第23話 船、船、船で岡山から神戸まで

 これは、フォートラベルに掲載していた旅行記を手直ししたものです。

 尻切れトンボで終わっていたものを、加筆して、改めてこちらで披露いたします。


2012年4月28日土曜日。


 どうもここの所マンネリ気味だったので、それを打破すべく、仕事先の岡山から自宅のある(拙著の宣言より約半年遅れたが、その望みを果たして今住んでいる)明石まで戻るにあたり、できるだけ船を使ってみようと思った。


 朝9時前。

 まずは、宿泊先から歩いて両備バスのバス停へ。

 よくよく考えてみれば、このバスは、戦前の軽便鉄道・三蟠鉄道のルートに近いところを通って新岡山港まで行く。土曜の朝、乗客は5ないし6割乗っていて、途中で入れ替わる。新岡山港に到着して、私を含めて10数人が降り立った。


 ここから、小豆島の土庄港行の両備バス経営のフェリーが出ている。

 

 切符を買い、しばしの間待合所をぶらぶらしつつ、電子マネーの利用できる自販機でブラックコーヒーを買って時間をつぶしたのち、さっそくフェリーに乗り込む。乗客は定員のせいぜい3割程度か。

 

 とりあえず、ボックス席にスーツケースを置き、船内を散策。このフェリーにはうどんやカレーなどの定食もある。

 うどんは500円前後。大盛りは200円増し。

 カレーは600円、大盛りが750円だったか。

 とりあえず、あとでラーメンを食べる予定があるので、ここでは何も食べない。

 新岡山港を出航後、階上のデッキに出てみる。近辺の港にいる生物を飼っている桶があったり、温泉なのかどうかは釈然としないが、無料の足湯もあったりで、いろいろ工夫がされている。そこでしばし、足湯につかりつつ、潮風を浴びる。船の周りには、かもめが時々飛んできては去っていく。

 現在は九州島内の運航になっているが、かつて京都と九州各地を結んでいた客車(のちに気動車)特急「かもめ」を想いつつ、足湯につかりながらかもめを見るともなく見て、児島湾の光景を楽しんだ。

 

 それほど熱くない足湯だが、天気は快晴。足湯にかかわらず、体全体が汗ばんできた。フェリーは児島湾を出て、瀬戸内海へと足を進めている。ここらで、冷房も幾分効いている船内に戻る。

 

 しばらくはボックスシートを占領していたが、どうも落ち着かない。そこで、船の前頭部のリクライニングシートに移動し、スーツケースを後ろにおいて、前進するフェリーの光景と、近寄っては去っていくかもめを見ながら、瀬戸内海の船旅をしばし楽しむ。

 日頃のマンネリ感が、瀬戸内海の藻屑と消えていくようで、実に爽快である。


 それほどすれ違う船がなかったのに、数十分もすれば土庄発高松行のフェリーともしばしばすれ違うようになってくる。
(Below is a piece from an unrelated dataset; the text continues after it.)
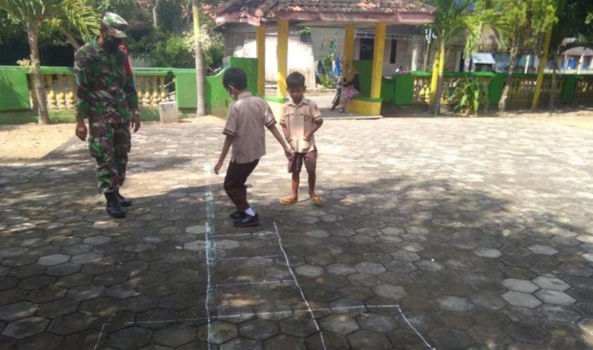 Di masa pandemi seperti sekarang ini, anak-anak lebih sering berada dirumah karena sekolah diliburkan, oleh karena itu para orang tua harus mengisi dengan kegiatan yang berguna untuk perkembangan fisik dan psikis anak. Seperti yang terlihat menjelang berakhirnya pelaksanaan TMMD Reguler Ke-111 Kodim 0718/Pati salah satu personel satgas TMMD sedang bermain bersama dua orang anak sekolah Fadhil dan Zaky yang selesai mengambil raport di sekolahnya.

小豆島はもうすぐだ。


 新岡山港を出て70分。久しぶりのフェリーの旅は、とりあえず、終わり。


 この後、フェリー乗り場に来ていた小豆島国際ホテルの送迎バスに乗せてもらい、ホテルまで行ってパンフレットをもらった後、近くにある小豆島ラーメン「醤(ひしお)」に行くことにする。

 今回は、正直言ってこのラーメンが目的である。

 この店は、近年岡山駅前にも店を出していて、そちらはしばしば行くのだが、小豆島限定のラーメンもあるとのことなので、これを機会に食べなければ損である。

 

 というわけで、小豆島限定の「島ラーメン(480円)」を注文した。

 このラーメン店は替え玉がいくらでも無料である。その替え玉も、海苔とチャーシューの切れ端などが載っていて、実にすごい。これだけでも商品として成立するぐらいだ。

 結局、替え玉4つも食べてしまった。一般的に替え玉をしている店に比べてこの店はやや替え玉の提供がゆっくりしているが、今日のような急がない日はむしろそのくらいのペースのほうが、ゆっくりと楽しめる。

 しかも、目の前は瀬戸内海だ。

 そんなところであくせくと替え玉をスープに入れては食べてもしょうがない。


 ラーメンを食した後は、近くの小豆島国際ホテルに戻り、オリーブサイダーを飲んだ後、送迎バスの便があったので、それに乗って再び土庄港に戻った。


 そのあとは、後々のことも考えて、フェリーではなく高速艇で高松に出ることに。

そうして13時40分発の高速艇に乗ること30分。

 久しぶりの高松に到着した。


 そこからはジャンボフェリーの乗り場までバスで移動して、瀬戸内海を一路神戸まで。住んでいる明石の海辺を船で移動するのは、格別だ。

 明石海峡大橋をフェリーはくぐる。いつもは陸地の側からこのジャンボフェリーを見ているのだが、今日ばかりは、その逆である。

 大橋をくぐると、神戸は、もうすぐ。4時間ほどの船旅も、ここで終り。

 フェリー乗り場からは、三宮の駅前まで送迎するバスが出ている。料金は、200円。そのバスで三宮の市街に出た後、そのまま西明石行の各停で自宅へと戻った。